You can configure these settings via the `.env` file or the CLI menu.
### 🔹 Using Google Gemini (Default)
This is the default provider. You only need a Google API Key.
**Configuration (`.env`):**
```dotenv
AI_PROVIDER=gemini
GOOGLE_API_KEY=your_google_api_key
GEMINI_MODEL=models/gemini-2.0-flash # Optional: Change model
```
**Available Gemini Models:**
- `models/gemini-2.0-flash` (Fast, efficient)
- `models/gemini-1.5-flash`
- `models/gemini-1.5-pro` (Higher reasoning capability)
### 🔹 Using OpenAI-Compatible Providers
You can connect to any service that follows the OpenAI API standard, including local LLMs.
#### 1. Official OpenAI
```dotenv
AI_PROVIDER=openai
OPENAI_API_KEY=sk-...
OPENAI_MODEL=gpt-5o
```
#### 2. Ollama (Local LLM)
Run Ollama locally (`ollama serve`) and use the following config:
```dotenv
AI_PROVIDER=openai
OPENAI_BASE_URL=http://localhost:11434/v1
OPENAI_API_KEY=ollama # Value doesn't matter for Ollama, but must be present
OPENAI_MODEL=llama3 # Or any model you have pulled
```
#### 3. LM Studio (Local LLM)
Start the local server in LM Studio and use:
```dotenv
AI_PROVIDER=openai
OPENAI_BASE_URL=http://localhost:1234/v1
OPENAI_API_KEY=lm-studio
OPENAI_MODEL=model-identifier
```
#### 4. OpenRouter / Together AI / Groq
Point the `OPENAI_BASE_URL` to the provider's endpoint:
```dotenv
AI_PROVIDER=openai
OPENAI_BASE_URL=https://openrouter.ai/api/v1
OPENAI_API_KEY=your_openrouter_key
OPENAI_MODEL=anthropic/claude-3-opus
```
### 🔹 Custom Prompts
You can customize the instructions given to the AI by creating a `custom_prompts.json` file in the root directory. This allows you to tailor the categorization logic or sentiment analysis to your specific needs.
**To use:**
1. Copy `custom_prompts.example.json` to `custom_prompts.json`.

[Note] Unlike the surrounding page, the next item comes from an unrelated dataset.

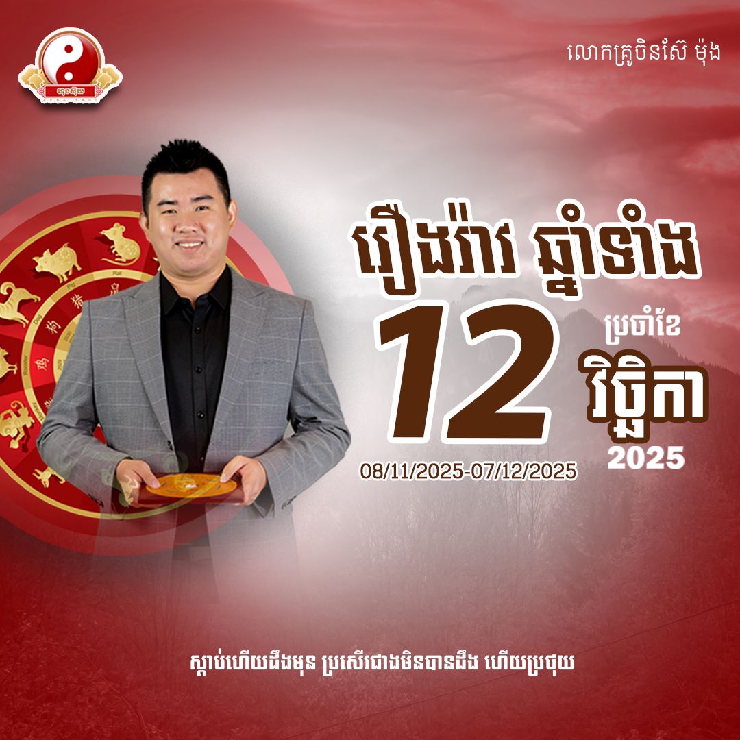 នៅថ្ងៃទី ១១ ខែវិច្ឆិកា ឆ្នាំ ២០២៥ នេះ តាមរយៈផេក ហុងស៊ុយ របស់លោកគ្រូចិនសែ ម៉ុង បានចែករំលែករឿងរ៉ាវរាសីជុំវិញឆ្នាំទាំង ១២ ដែលបានកើតឡើង និង របៀបកែកុនក្នុងខែវិច្ឆិកា ដោយតាមក្បួនហុងស៊ុយគិតចាប់ពីថ្ងៃទី ០៨ ខែវិច្ឆិកា ដល់ថ្ងៃទី ០៧ ខែធ្នូ ឆ្នាំ ២០២៥ ដែលក្នុងខែនេះ ឆ្នាំទាំង ១២ នឹងជួបប្រទះរឿងល្អខ្លះ និង មិនសូវល្អខ្លះ។

2. Edit the prompts in `custom_prompts.json`.
**Example Structure:**
```json
{
"post_categorization": "You are an expert post categorizer. Analyze the following...",
"comment_analysis": "You are an expert comment analyzer..."
}
```
## ⚙️ Usage
The application is run via the CLI:
```bash
python main.py [options]
```
**Available Commands:**
* `scrape`: Scrapes posts and comments from a Facebook group.
```bash
python main.py scrape --group-url "GROUP_URL" [--num-posts 50] [--headless]
```
> You'll be prompted securely for Facebook credentials
* `process-ai`: Processes scraped posts and comments with the configured AI provider.
```bash
python main.py process-ai
```
* `view`: Views categorized posts and comments with filtering options:
```bash
python main.py view [--category CATEGORY] [--author AUTHOR] [--limit N]
```
* Interactive field and value selection
* Pagination support
* `export`: Exports data to CSV or JSON format:
```bash
python main.py export --format csv|json [--output-path PATH] [--category CATEGORY]
```
* Handles both posts and comments
* Automatic directory creation
* `stats`: Shows comprehensive statistics about collected data:
```bash
python main.py stats
```
## ⚠️ Important Notice
**This tool is provided for educational purposes only. Users must:**
- Comply with Facebook's Terms of Service
- Respect privacy and data protection laws
- Not use scraped data for commercial purposes
- Use responsibly and ethically
The developers assume no liability for misuse of this tool. Scraping may violate Facebook's terms - use at your own risk.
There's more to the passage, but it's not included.